ACTION ITEM =
Among the entries below, only the lines from the one with "Gucci boiler suit" through the one with "Les chambres du" are to be retyped, exactly and without pictures.

RECORDS SHOWN =
··········

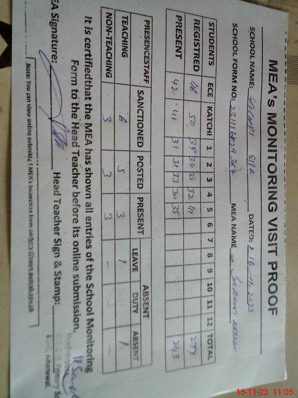 | Attendance Register | Head Teacher | MEA with School | Visit Proof |
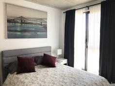 Large bedroom with queen size bed and double closet with shelves and rails. Bright and spacious living and dining room complete with couch (folds out into a queen bed), coffee table, tv stand, tv, kitchen table and chairs. Balcony.
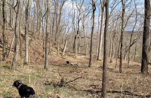 This wooded site is off the upper trail around the big quarry edge and overlooks the train tracks and the wetlands. This is a lovely, tranquil spot. Fire ring at site. Drive in to unload and load then park at street entrance. Only 8 camping sites on 18 acres with 100 acres of farm to explore. Common porta-potty and handwashing station, along with large communal fire ring, grill, and picnic table. Due to the drop overlook, this site is not suitable for children under 18 yrs.
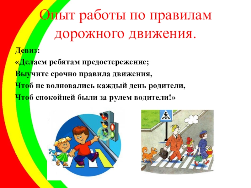 Опыт работы по правилам дорожного движения.Девиз:«Делаем ребятам предостережение;Выучите срочно правила движения,Чтоб не волновались каждый день родители,Чтоб спокойней были за рулем водители!»
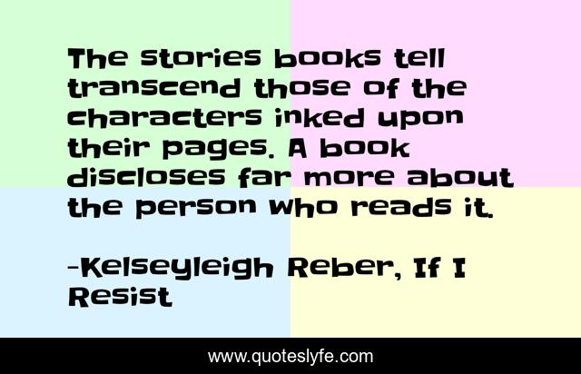 "Kelseyleigh Reber, If I Resist Quotes." Quoteslyfe.com, 2025. Mon. 08 Dec. 2025. <https://www.quoteslyfe.com/quote/The-stories-books-tell-transcend-those-of-112995>.
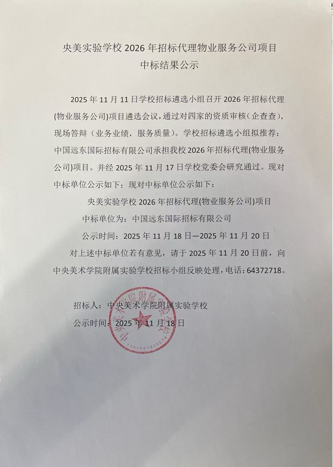 央美实验学校2026年招标代理物业服务公司项目中标结果公示
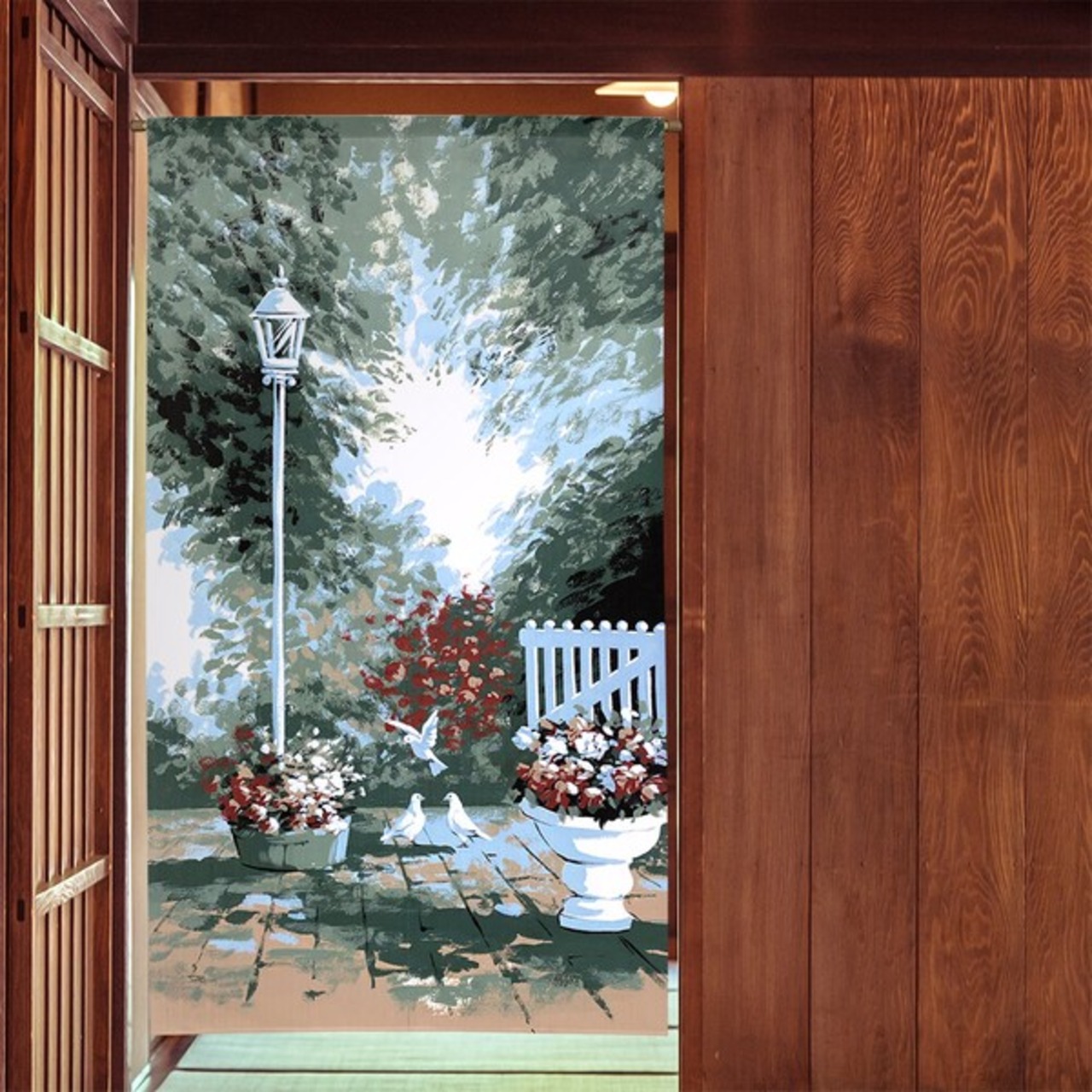 のれん 受注生産 目隠し 「White_Garden」85x150cm 日本製 風景 景色 / 家具・インテリア ファブリック・敷物
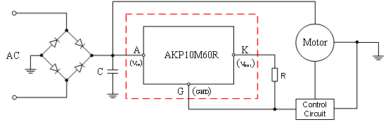 对于感性负载的应用,AKP10M60R能有效的抑制感性负载产生的瞬态脉冲,同时也能有效地简化电路,提高应用的性价比。
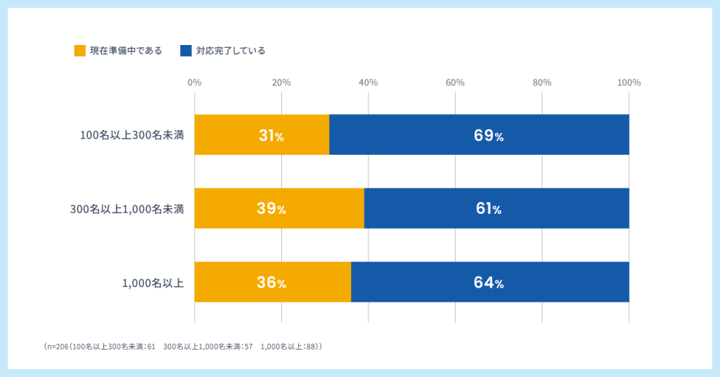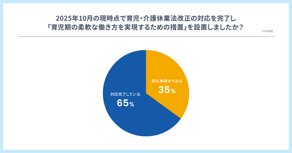 2025年10月時点で、育児・介護休業法改正への対応を「完了している」と回答した企業は65%にとどまり、35%は「現在準備中」と回答しました。
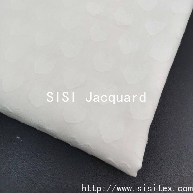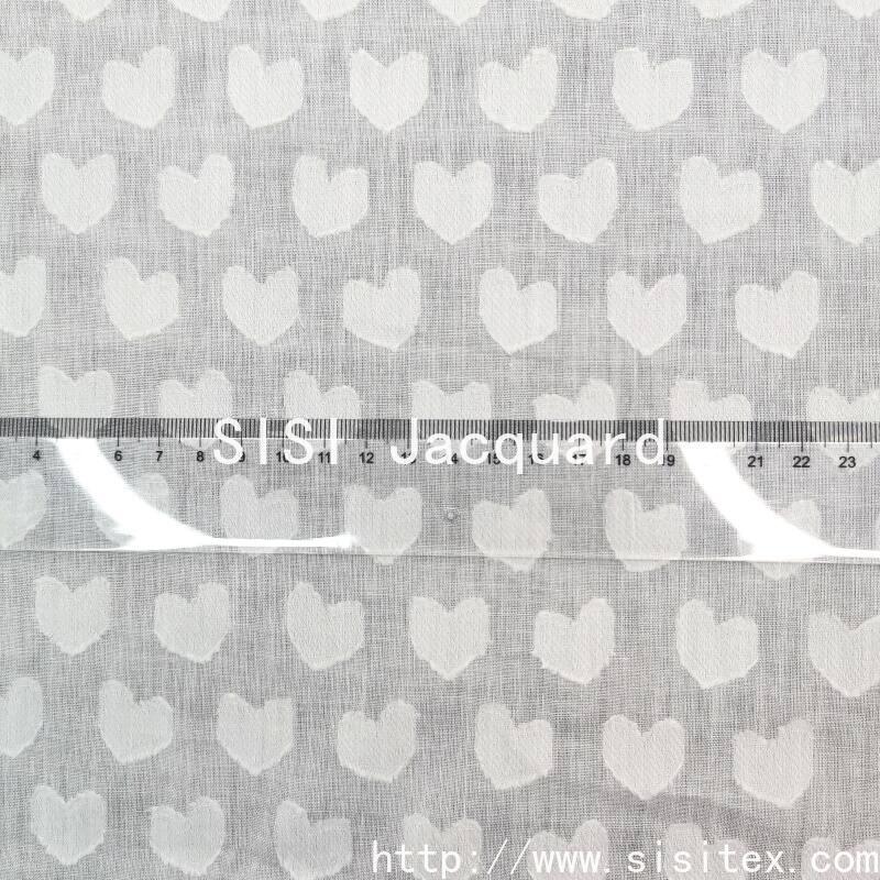 This fabric is made of 100% cotton as the base. Through a precise jacquard weaving process, it presents a three-dimensional heart pattern on the surface of the fabric, with clear and full texture. The unique embroidery design creates a faintly visible hollow effect around the heart pattern, enhancing the transparency and lightness of the fabric. The cotton material retains the natural softness and breathability of the fabric, while the combination of the heart jacquard and the embroidery adds a romantic and sweet atmosphere as well as a delicate craftsmanship to the fabric. As the light and shadow shift, the heart pattern appears and disappears, combining the softness of cotton with the structure of the jacquard, making it an ideal choice for creating sweet and fashionable items in the spring and summer seasons.
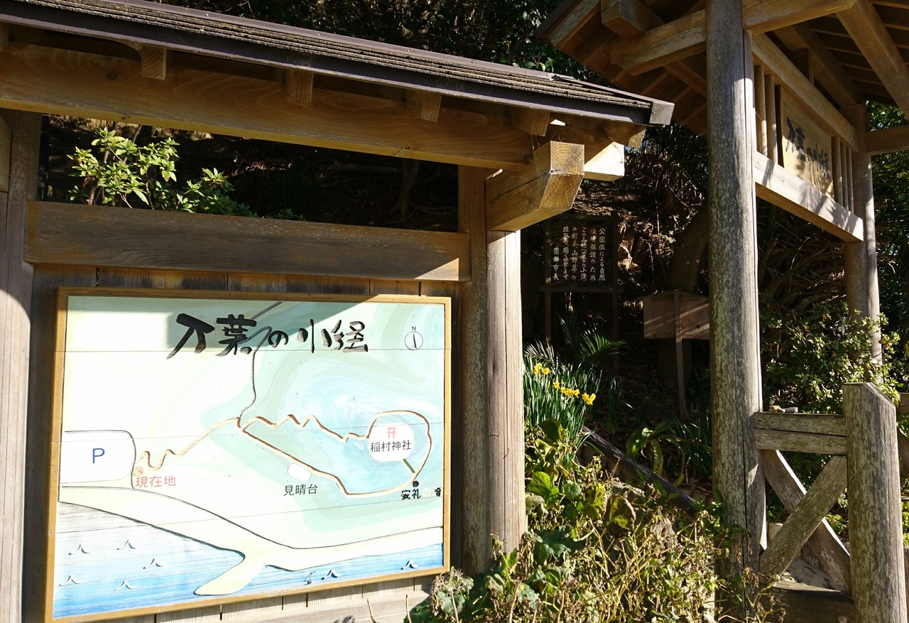 西浦温泉の海水浴場の駐車場横に入口がある万葉の小径は意外にもとても景色のよい散策路です。
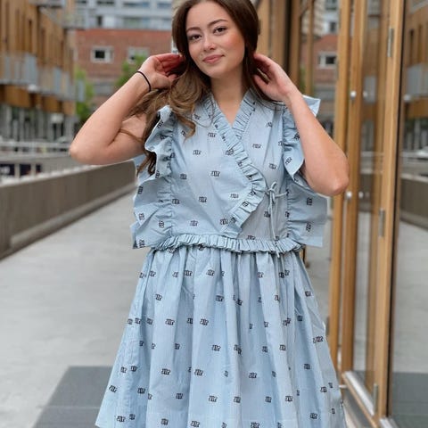 Veer Dress fra Munthe. Kort kjole med subtile striper og monogramprint, detaljert med volanger over skuldrene og midjen, v-hals med rysjekant og skjørt med utsving.
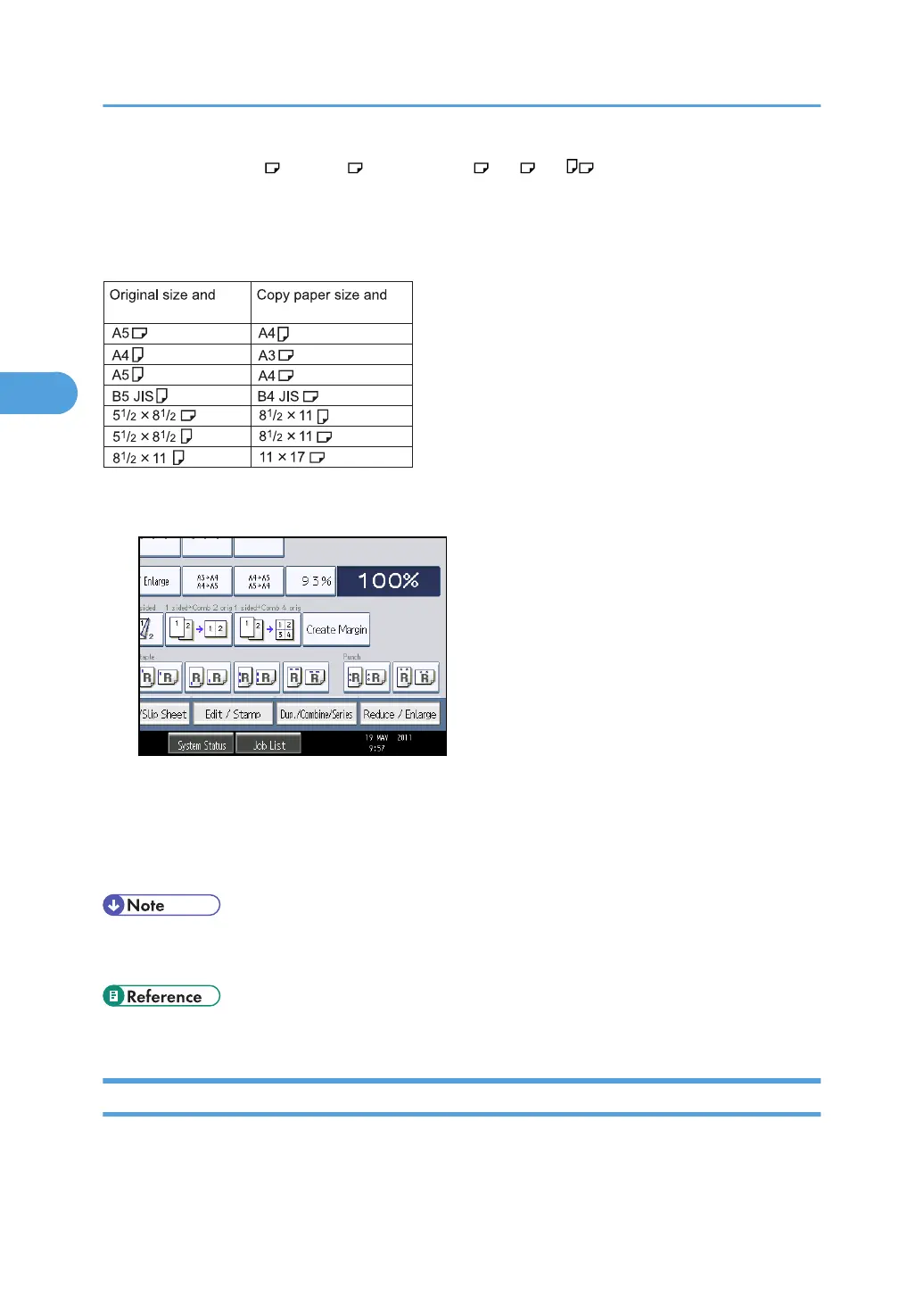 See the following table for original and copy paper sizes when using a 100% ratio:
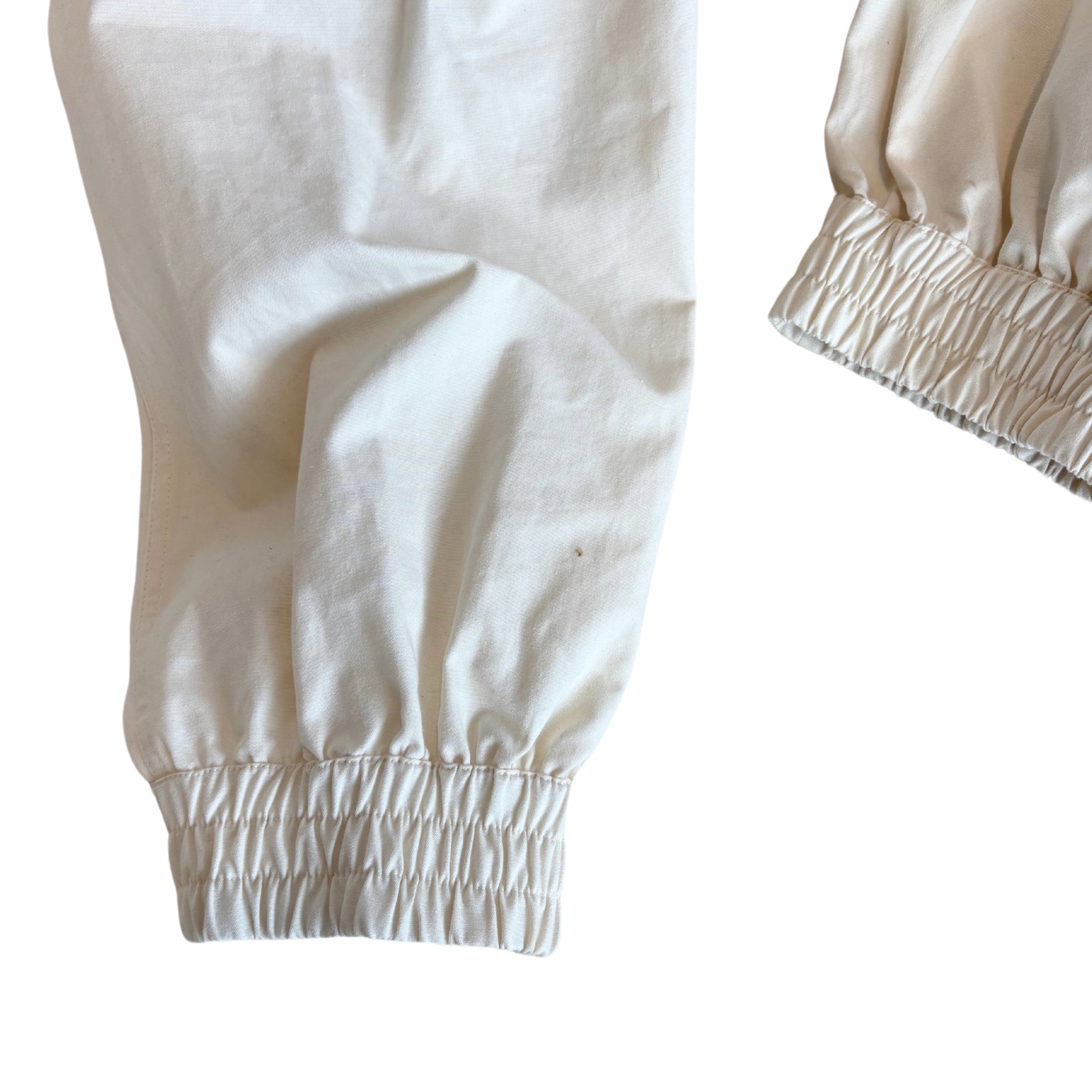 Gucci boiler suit in cream cotton with a hidden front-zip opening, front zip and slip pockets, red and green racing stripe trim, a vintage logo patch, and tonal text embroidery across the back.
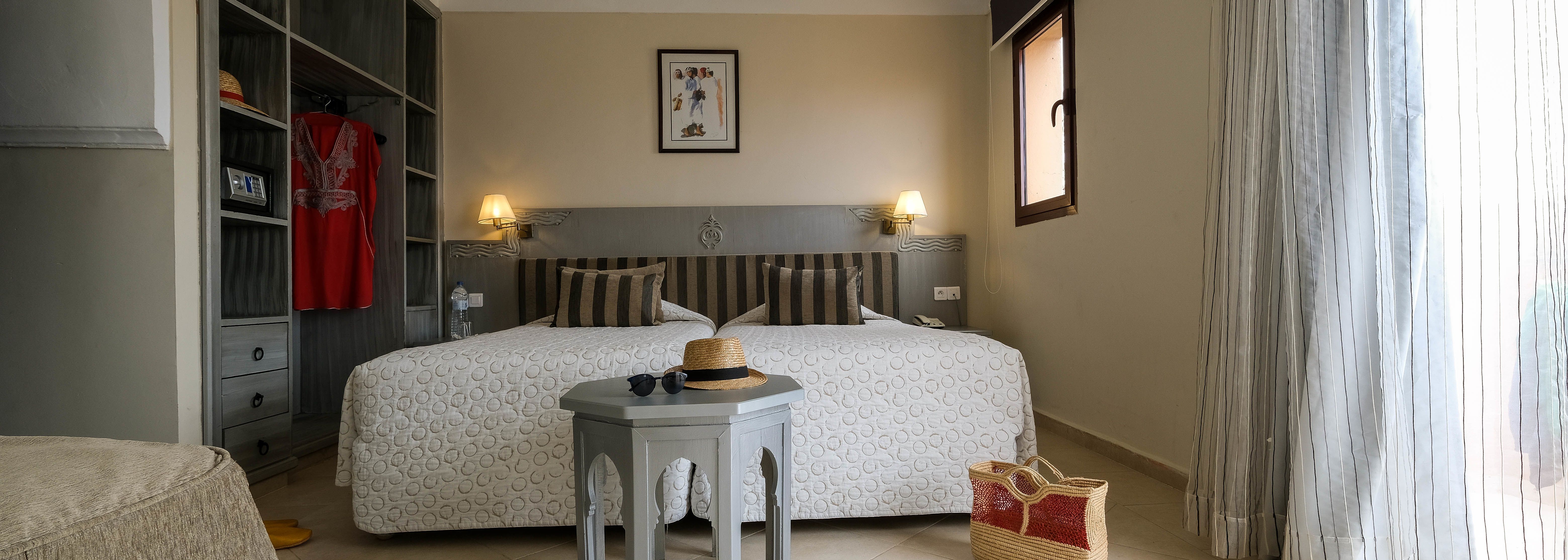 Les chambres du Valeria Madina Club sont spacieuses et confortables, réparties dans neuf bâtiments autour de jolis patios fleuris, comme dans un riad. Chaque chambre dispose d’un balcon ou d’une terrasse et d’un coin détente. Que vous soyez en couple ou en famille, vous passerez un séjour agréable.
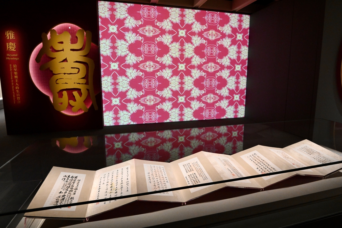“雅慶——給至樂樓主人的生日賀言”展覽在香港藝術館舉行。圖為何耀光兒女從文壇徵集詩文而成的冊頁。(圖片:政府新聞處) 已故鑑藏家何耀光以保存國粹、弘揚書畫藝術為宗旨,建立至樂樓藏中國書畫。他一直與在香港的文人有密切交往,並且大力贊助文化活動。藝術館以何耀光的生日為主題,在藝術館四樓至樂樓藏中國書畫館推出“雅慶——給至樂樓主人的生日賀言”新展覽,展出31組精選自何氏於1966年六十大壽時文化界及商界好友例如張大千、黃般若、梅與天、何叔惠等,為其賀壽而創作的書畫作品。觀眾亦可欣賞到其兒女從文壇徵集的詩文,了解上世紀五六十年代香港文人及書畫圈的盛況。

··········

REPLY =
 Gucci boiler suit in cream cotton with a hidden front-zip opening, front zip and slip pockets, red and green racing stripe trim, a vintage logo patch, and tonal text embroidery across the back.
 Les chambres du Valeria Madina Club sont spacieuses et confortables, réparties dans neuf bâtiments autour de jolis patios fleuris, comme dans un riad. Chaque chambre dispose d’un balcon ou d’une terrasse et d’un coin détente. Que vous soyez en couple ou en famille, vous passerez un séjour agréable.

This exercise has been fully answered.